Peterson Joseph

Personal information
- Full name: Peterson Joseph
- Date of birth: April 24, 1990 (age 35)
- Place of birth: Port-au-Prince, Haiti
- Height: 5 ft 9 in (1.75 m)
- Position: Midfielder

Senior career*
- Years: Team / Apps / (Gls)
- 2006–2009: Aigle Noir AC / ? / (?)
- 2009–2011: Braga / 0 / (0)
- 2010–2011: → Vizela (loan) / 20 / (1)
- 2011–2014: Sporting Kansas City / 34 / (0)
- 2016–2017: Sudeva Moonlight / 4 / (0)
- 2018–2020: Hang Yuen
- 2020-2021: Tempête FC /  / (5)
- 2021–: Pèlerin FC

International career
- 2006–2007: Haiti U17 / 6 / (1)
- 2008–2013: Haiti / 18 / (0)

= Peterson Joseph =

Haitian footballer (born 1990)

Peterson Joseph (born 24 April 1990) is a Haitian professional footballer.

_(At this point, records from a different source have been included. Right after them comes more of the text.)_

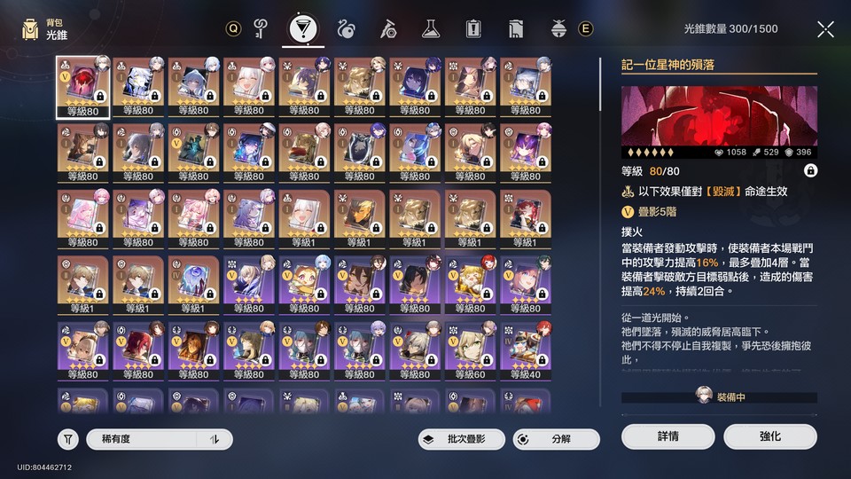 滿命瑕蝶白厄2命昔漣1命長夜月1命風菫1命緹寶2命琉瑩1命大理花2命忘歸人靈砂(都有光錐3隊高練度隊伍異裁隨便打 價錢可議
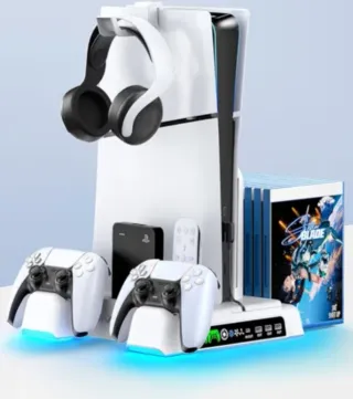 Este accesorio combina un soporte vertical con un ventilador enfriador para tu consola. - Diseño elegante en color negro. - Incluye ventilador para mejorar la refrigeración. - Puertos USB integrados. - Con leds.
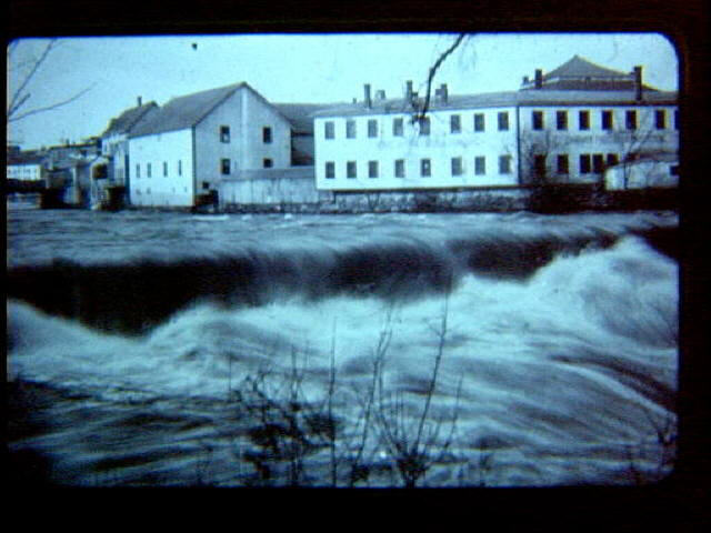 FL 6 c. 1900 Woonsocket Falls with floodwaters pouring over the old dam. View looking towards River Street.

Known for having a soft touch on the ball and playing with quick one to two touch passes throughout the field, Joseph is known as the "Haitian Xavi".

==Club career==
Joseph played for Haitian League side Aigle Noir AC before moving to Portuguese side SC Braga in the European mid-season transfer window. Joseph had a year-long loan spell with SC Braga's affiliate team FC Vizela, who were playing in the Portuguese Second Division at the time. Joseph was a member of the team that made it to the final of the UEFA Europa League.

Joseph joined Major League Soccer club Sporting Kansas City on September 1, 2011 and made his initial appearance with the club on October 1, 2011 in the 83rd minute against the San Jose Earthquakes. In 2012, he was a member of the team that won the U.S. Open Cup. A year later, he won the 2013 MLS Championship. He stayed with the club for three years in total before his contract was terminated on August 11, 2014.

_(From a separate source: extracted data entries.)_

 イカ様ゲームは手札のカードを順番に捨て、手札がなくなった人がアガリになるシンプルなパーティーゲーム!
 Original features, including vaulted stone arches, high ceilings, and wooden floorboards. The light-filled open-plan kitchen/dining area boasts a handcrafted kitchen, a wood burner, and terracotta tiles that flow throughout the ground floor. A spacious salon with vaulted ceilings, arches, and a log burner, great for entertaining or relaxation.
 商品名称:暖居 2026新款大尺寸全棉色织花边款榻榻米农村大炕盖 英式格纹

After unsuccessful trials in Tanzania and Malaysia, he signed with Delhi Premier League club Sudeva Moonlight on October 1, 2016. After stints at Hang Yuen and Tempête FC, Joseph joined Pèlerin FC in 2021.

==International career==
Joseph played for Haiti at the 2007 CONCACAF U17 Tournament and the 2007 FIFA U-17 World Cup, before making his debut for the full senior Haitiian national team in 2008. Joseph appear in 2010 FIFA World Cup Qualifier, Caribbean Cup 2012, Gold Cup 2013 and friendlies apparitions on numerous occasions.